Question:3sqrt(a + 1) - 2sqrt(b - 5) = 133sqrt(a + 1) + 2sqrt(b - 5) = 35The pair (a, b)...
GMAT Algebra : (Alg) Questions
\(3\sqrt{\mathrm{a + 1}} - 2\sqrt{\mathrm{b - 5}} = 13\)
\(3\sqrt{\mathrm{a + 1}} + 2\sqrt{\mathrm{b - 5}} = 35\)
The pair (a, b) is the solution to the system of equations shown, where a and b are real numbers with \(\mathrm{a} \geq -1\) and \(\mathrm{b} \geq 5\). What is the value of a?
1. TRANSLATE the problem information
- Given system:
- \(3\sqrt{\mathrm{a + 1}} - 2\sqrt{\mathrm{b - 5}} = 13\)
- \(3\sqrt{\mathrm{a + 1}} + 2\sqrt{\mathrm{b - 5}} = 35\)
- Find: value of a
- Constraints: \(\mathrm{a} \geq -1\) and \(\mathrm{b} \geq 5\)
2. INFER the strategic approach
- The radical expressions make this system look complicated, but notice both equations contain the same two radical terms: \(3\sqrt{\mathrm{a + 1}}\) and \(2\sqrt{\mathrm{b - 5}}\)

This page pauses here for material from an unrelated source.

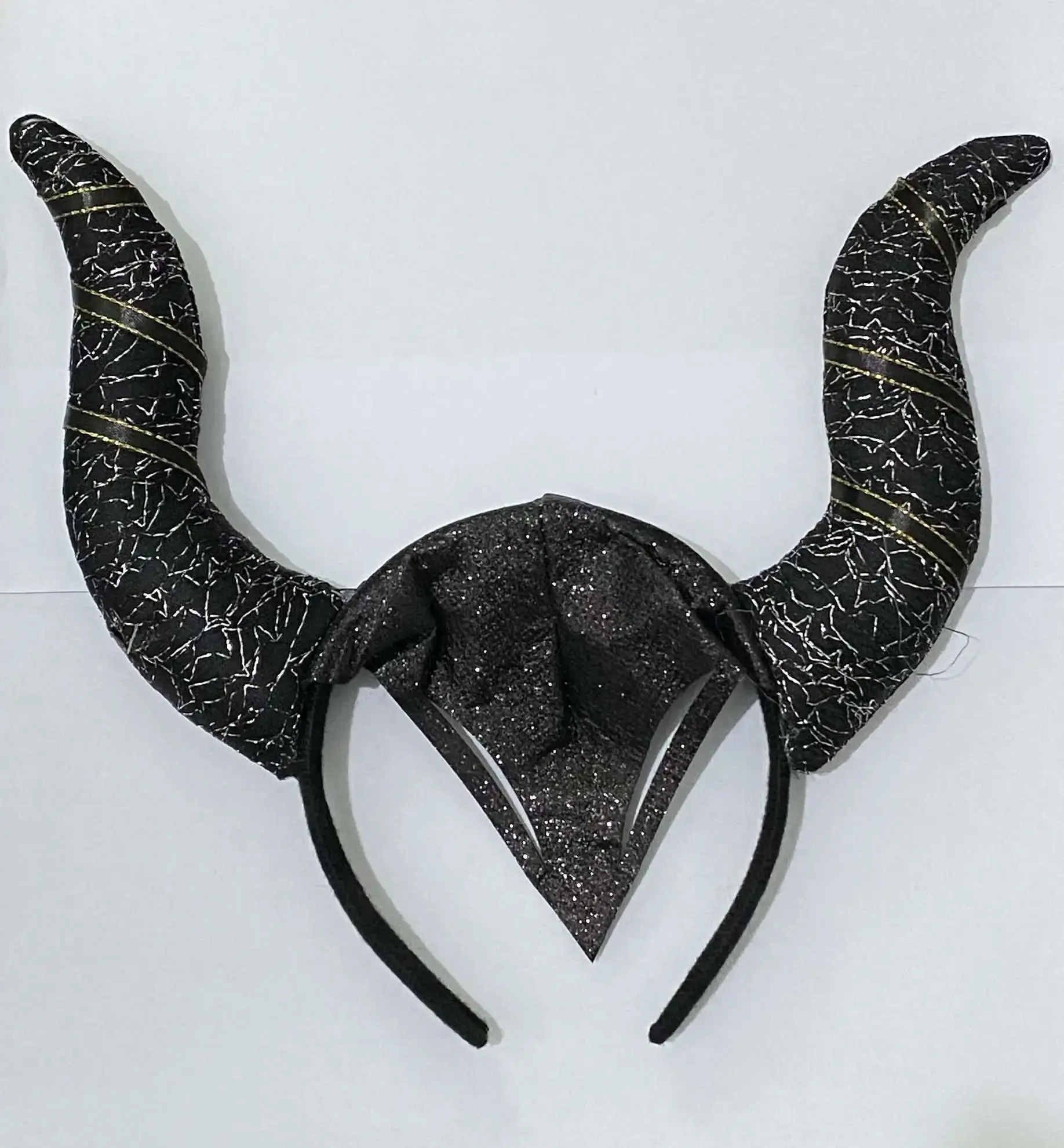Ободок выполнен из текстиля, что обеспечивает комфорт при ношении. Высота рогов составляет приблизительно 20 см, что делает их заметными и эффектными. Ободок украшен золотыми полосками, которые добавляют дополнительный блеск и стиль. Не упустите возможность стать звездой вечеринки с этим уникальным аксессуаром!
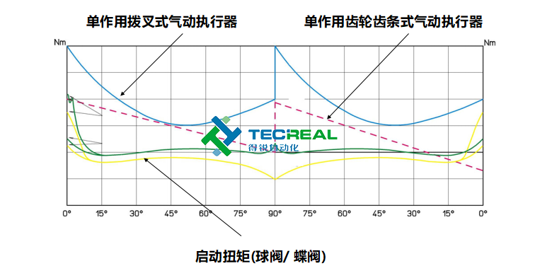 綜上所述,OMAL的撥叉式氣動執行器在輸出扭矩上是更為適合球閥和蝶閥啟閉,因為其結構的不同,這也就導致了他們兩者在輸出扭矩上的不同。

- Key insight: Use substitution to treat these complex expressions as simple variables
- This transforms a radical system into a basic linear system
3. SIMPLIFY using substitution
- Let \(\mathrm{U} = 3\sqrt{\mathrm{a + 1}}\) and \(\mathrm{V} = 2\sqrt{\mathrm{b - 5}}\)
- The system becomes:
- \(\mathrm{U - V} = 13\)
- \(\mathrm{U + V} = 35\)
4. SIMPLIFY the linear system
- Add both equations to eliminate V:
\(\mathrm{(U - V) + (U + V)} = 13 + 35\)
\(2\mathrm{U} = 48\)
\(\mathrm{U} = 24\)
5. SIMPLIFY to find the original variable
- Since \(\mathrm{U} = 3\sqrt{\mathrm{a + 1}} = 24\):
\(\sqrt{\mathrm{a + 1}} = 8\) - Square both sides:
\(\mathrm{a + 1} = 64\)
\(\mathrm{a} = 63\)
Answer: 63
Why Students Usually Falter on This Problem
Most Common Error Path:
Weak INFER skill: Students attempt to solve the system directly with the radical expressions rather than recognizing the substitution strategy.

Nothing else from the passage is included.